_Instructions to follow_: For this listing, reproduce the line with "이번 미네소타 사기 중", the line with "на этот процесс.", and the lines between, exactly as they stand. Leave out pictures and all other lines.

═══ Supplied data

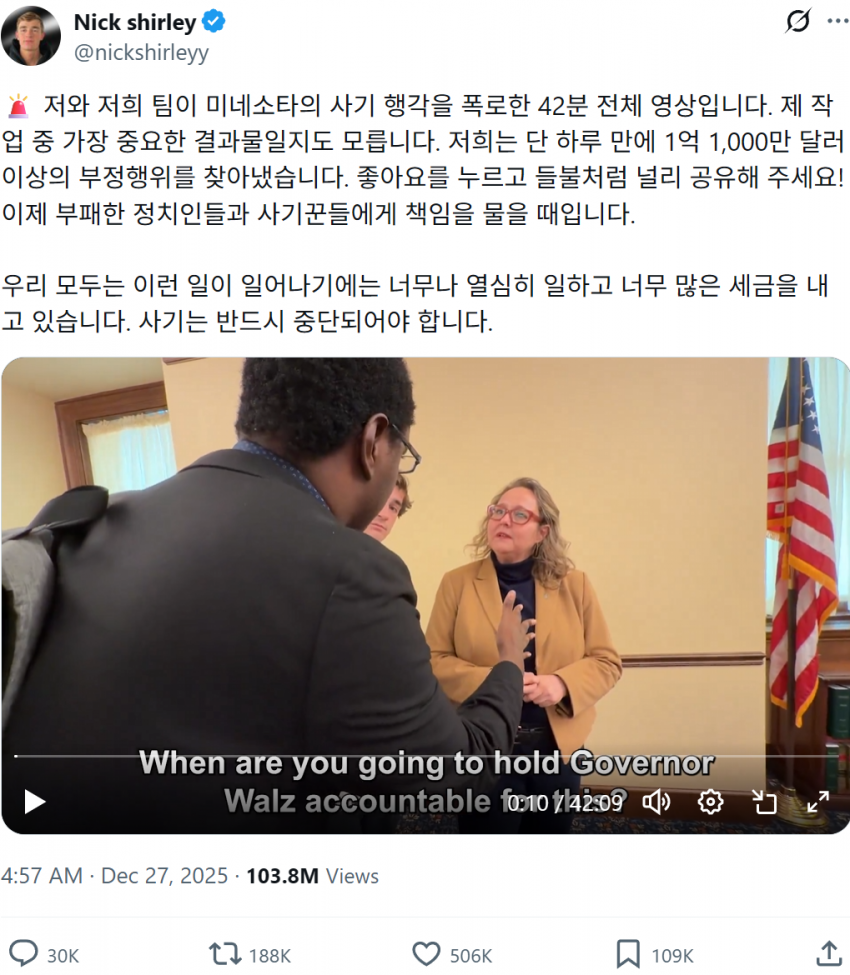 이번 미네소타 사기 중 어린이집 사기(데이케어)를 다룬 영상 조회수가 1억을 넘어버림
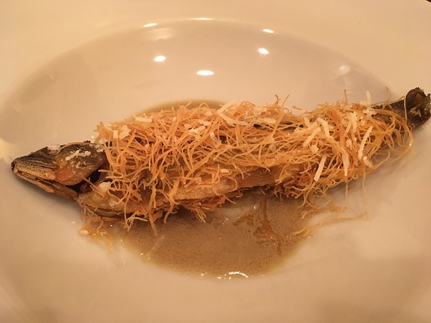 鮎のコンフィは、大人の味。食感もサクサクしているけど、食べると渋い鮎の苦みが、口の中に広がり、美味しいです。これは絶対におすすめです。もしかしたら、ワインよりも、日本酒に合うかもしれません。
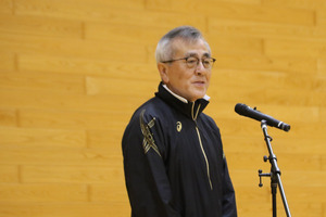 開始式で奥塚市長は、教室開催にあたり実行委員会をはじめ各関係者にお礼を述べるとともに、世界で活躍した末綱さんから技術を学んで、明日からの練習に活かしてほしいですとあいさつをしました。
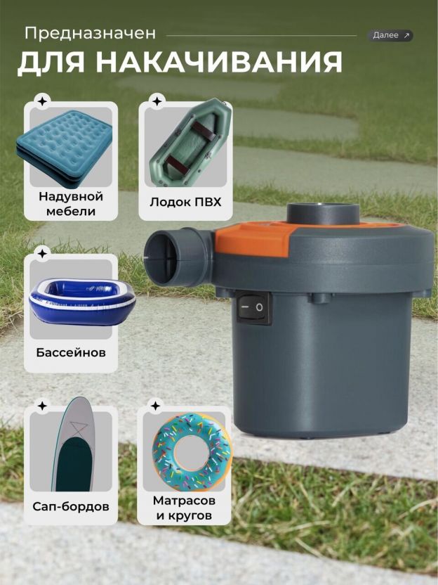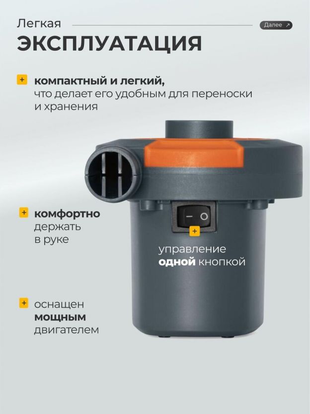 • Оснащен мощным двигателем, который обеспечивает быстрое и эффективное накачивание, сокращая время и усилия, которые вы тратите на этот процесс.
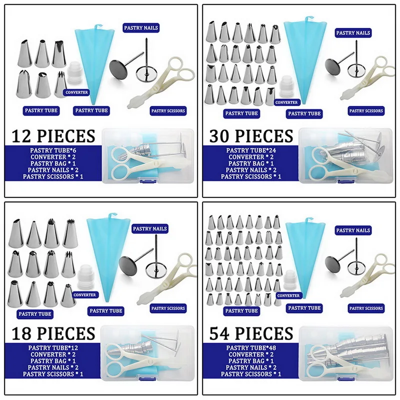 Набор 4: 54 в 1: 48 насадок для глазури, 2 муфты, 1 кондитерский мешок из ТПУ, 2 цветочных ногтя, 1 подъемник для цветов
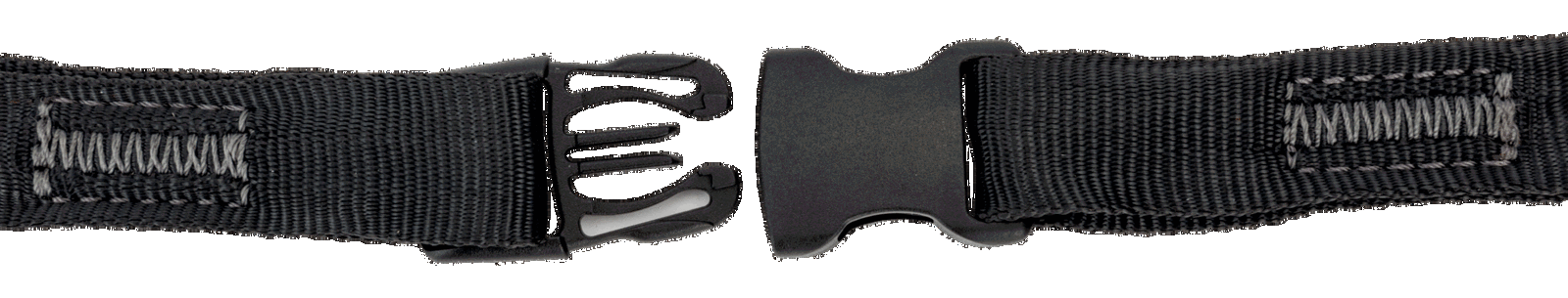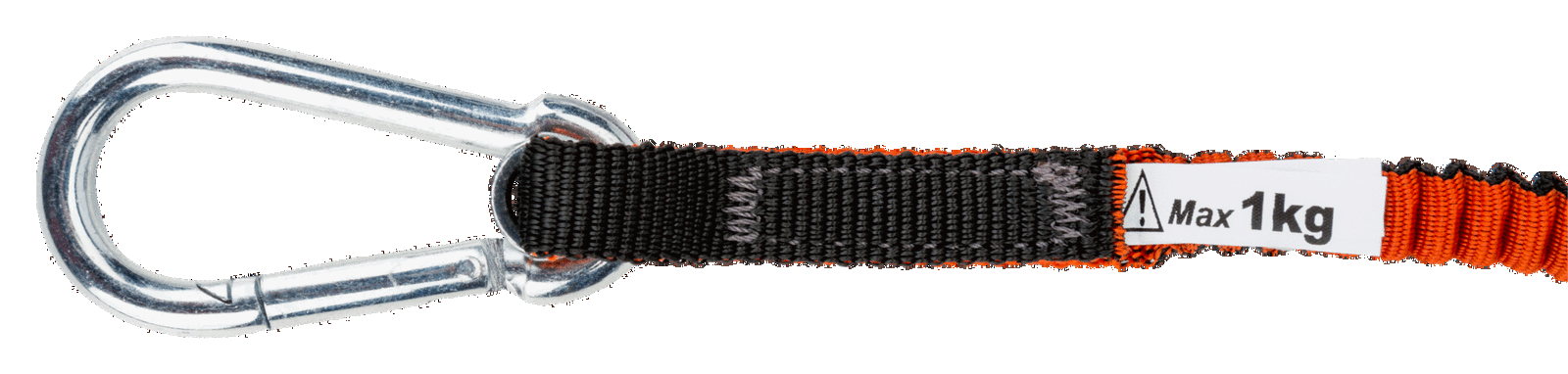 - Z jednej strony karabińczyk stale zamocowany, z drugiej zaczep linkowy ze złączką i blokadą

══════
═══ Supplied data

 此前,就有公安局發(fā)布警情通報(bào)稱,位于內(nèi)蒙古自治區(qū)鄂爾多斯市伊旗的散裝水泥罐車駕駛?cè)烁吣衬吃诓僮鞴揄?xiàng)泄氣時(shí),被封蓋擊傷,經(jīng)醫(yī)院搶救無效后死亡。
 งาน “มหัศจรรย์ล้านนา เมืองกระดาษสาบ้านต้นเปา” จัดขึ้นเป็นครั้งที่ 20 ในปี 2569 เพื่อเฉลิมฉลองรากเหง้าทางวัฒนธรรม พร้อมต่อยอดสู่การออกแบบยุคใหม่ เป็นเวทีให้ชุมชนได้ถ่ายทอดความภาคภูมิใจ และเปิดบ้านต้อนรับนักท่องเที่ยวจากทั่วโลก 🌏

══════

_Answer for this exercise_:
 이번 미네소타 사기 중 어린이집 사기(데이케어)를 다룬 영상 조회수가 1억을 넘어버림
 鮎のコンフィは、大人の味。食感もサクサクしているけど、食べると渋い鮎の苦みが、口の中に広がり、美味しいです。これは絶対におすすめです。もしかしたら、ワインよりも、日本酒に合うかもしれません。
 開始式で奥塚市長は、教室開催にあたり実行委員会をはじめ各関係者にお礼を述べるとともに、世界で活躍した末綱さんから技術を学んで、明日からの練習に活かしてほしいですとあいさつをしました。
 • Оснащен мощным двигателем, который обеспечивает быстрое и эффективное накачивание, сокращая время и усилия, которые вы тратите на этот процесс.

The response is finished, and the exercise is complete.